Brasil, que desde 1999 deja que el mercado determine el valor del real, es un claro ejemplo del aprieto en el que se encuentran las economías emergentes. Con una tasa de crecimiento anual de 7% , el gigante sudamericano ya estaba atrayendo una enorme cantidad de inversión. Pero la tasa de interés a un día, conocida como Selic, se ubica en 10,75% y ha convertido al país en uno de los blancos principales del capital golondrina. Los inversionistas toman dinero prestado en países donde las tasas están casi en cero, como EE.UU. y Japón, lo depositan en países como Brasil donde las tasas son altas y se embolsan la diferencia. Esta operación, llamada carry-trade, ayuda a explicar el alza de casi 35% del real frente al dólar en lo que va del año.

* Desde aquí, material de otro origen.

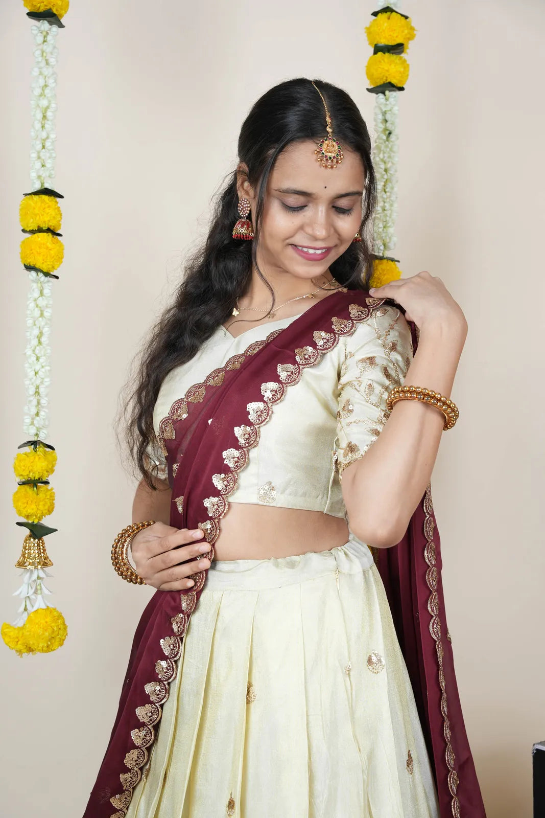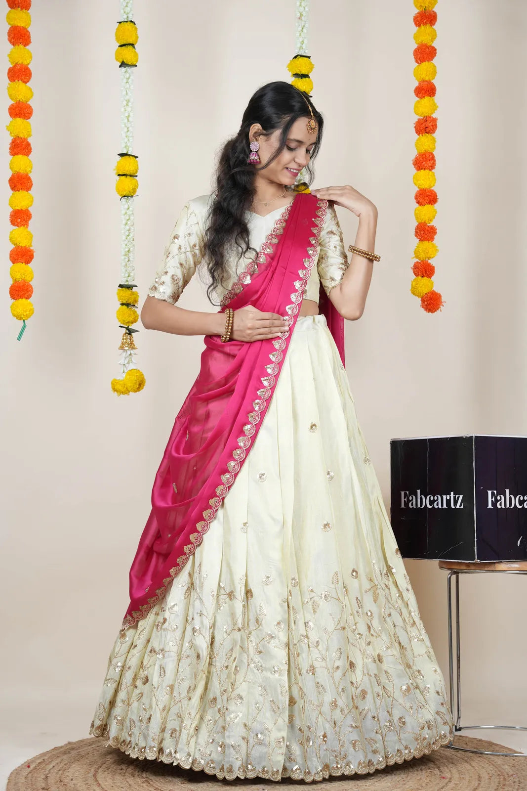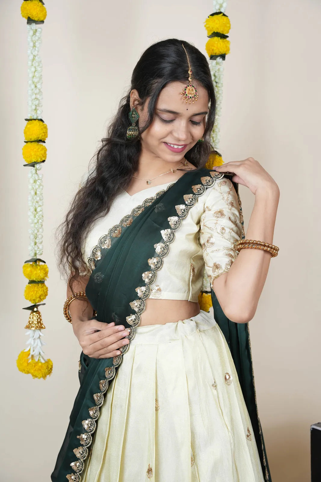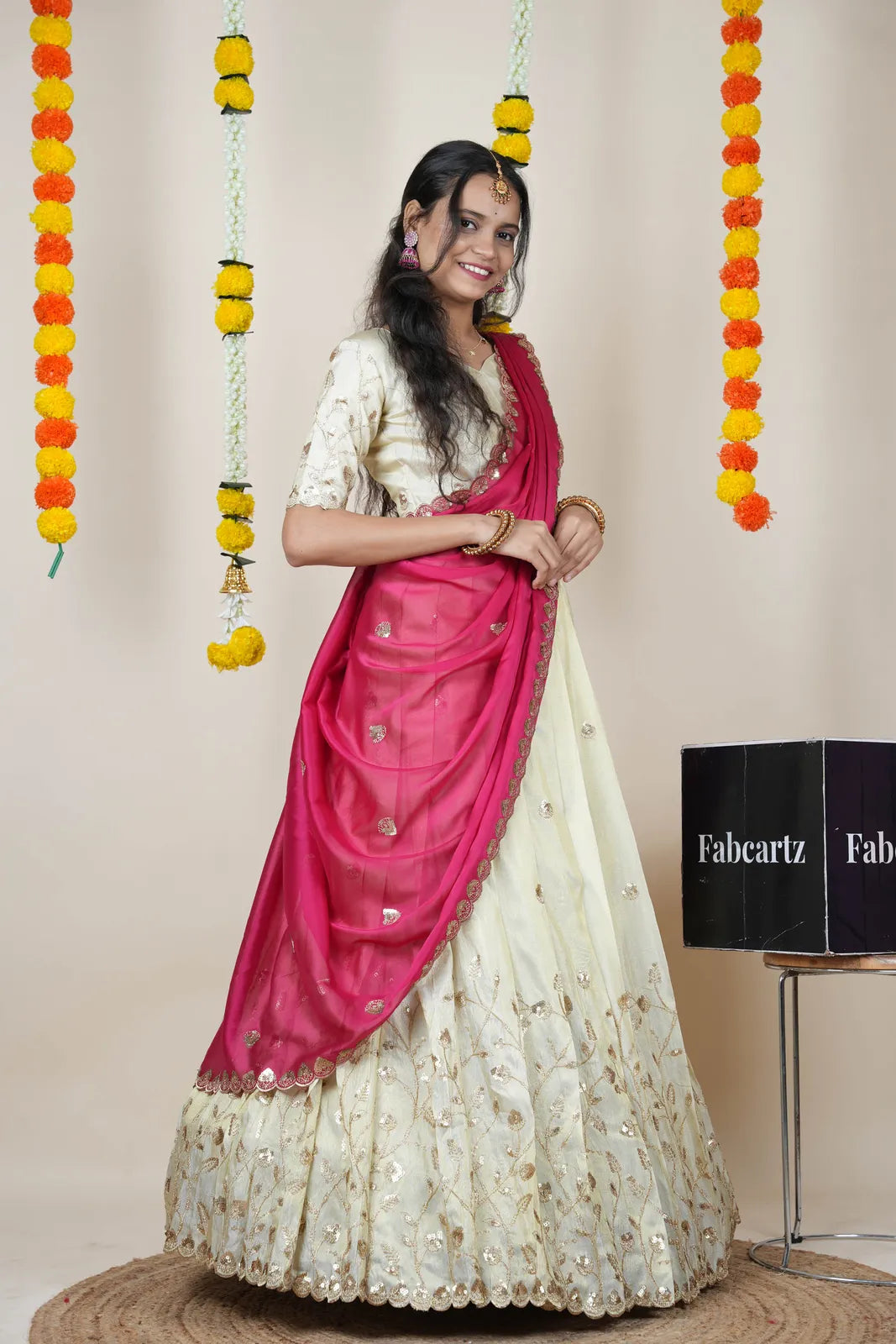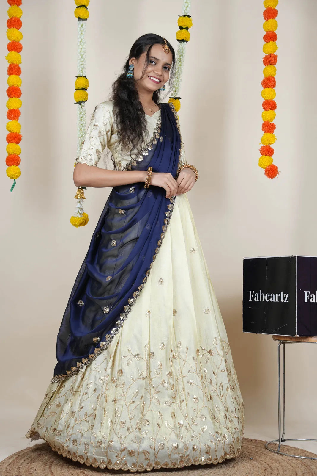 (Adhira) South Indian Festival Traditional Half Saree with Embroidered Blouse & Dupatta

La opción más fácil que tendría Brasil para reducir la presión especulativa sería reducir las tasas de interés. Pero el creciente déficit fiscal, una deuda que llega a 60% del Producto Interno Bruto y las constantes preocupaciones de un brote inflacionario significan que Brasil necesita las altas tasas para atraer fondos y pagar sus cuentas. Los controles de capital han atenuado el alza del real, pero han tenido efectos colaterales, puesto que los inversionistas han exigido retornos más altos para prestar.

La combinación de políticas cambiarias ha generado preocupación de que la cooperación global que imperó tras la crisis financiera haya sido sustituida por la búsqueda del interés propio. "Se necesita una acción urgente para detener la perturbadora tendencia a medidas unilaterales en los temas macroeconómicos, comerciales y cambiarios", dijo en un comunicado Charles Dallara, director gerente del Instituto de Finanzas Internacionales.